РАЗСКАЗЫ
СТРАНСТВУЮЩАГО САТИРА
править
Ю. Н. БОСТРЕМА.
правитьРАЗСКАЗЪ О ТОМЪ, КАКОЙ КОНФУЗЪ УЧИНИЛЪ МИТРІЙ КОНДУХТОРУ.
правитьОтправлялись мы, братцы, съ Митріемъ и Гаврюшкой на родину. По дорогѣ пришли въ городъ, откедова шелъ дилижанъ въ слѣдующій городишко.
— А што, братцы, говоритъ Митрій, отправимся на своихъ, аль на дилижапѣ?
— На улицѣ евтакія дѣла не порѣшишь — не стать, говоритъ Гаврюшка; а зайдемъ въ питейную, што насупротивъ дилижанскаго депо, аль конторы, ну, а тамъ уже смекнемъ, какъ лучше…

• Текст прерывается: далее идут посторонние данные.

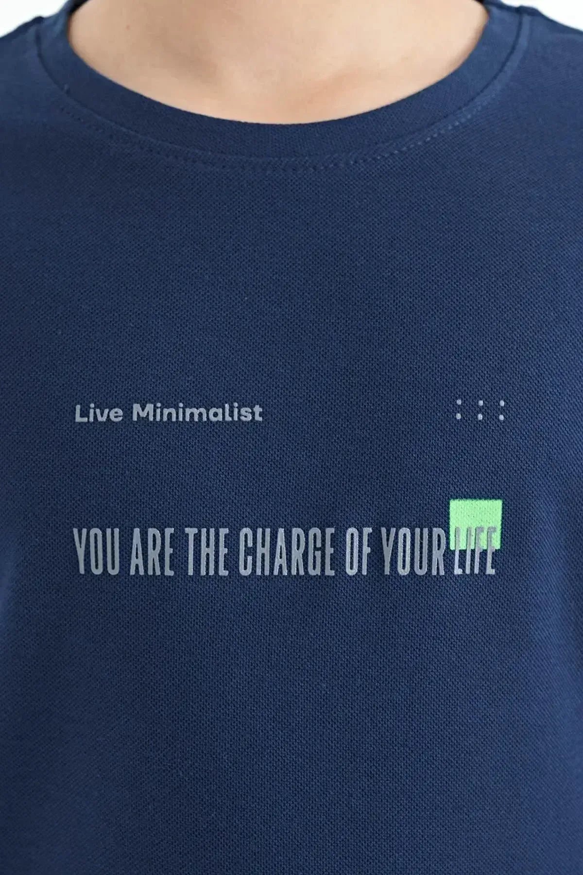 Indigo Print Detailed O Collar Standard Fit Men's Kids T-Shirt - 11117

— Резонтъ. Коли ужо смекать, такъ смекать въ питейной: оно выходитъ благороднѣе, нежь на улицѣ, говоримъ мы.
Зашли въ питейную, сѣли — значитъ — сидимъ. Толконулъ я евтакъ Митрія подъ бокъ — Митрій меня: значитъ съ меня начинаніе. Потребовалъ я штофъ, поднесли, поставили — порѣшили; Митрій потребовалъ другой — порѣшили; Гаврюшка третій — тожъ порѣшили. Порѣшили мы, значитъ, братцы, евтакъ счетомъ три штофа.
— А што, братцы, запросилъ я, смекнули?… На своихъ, аль на дилижанѣ?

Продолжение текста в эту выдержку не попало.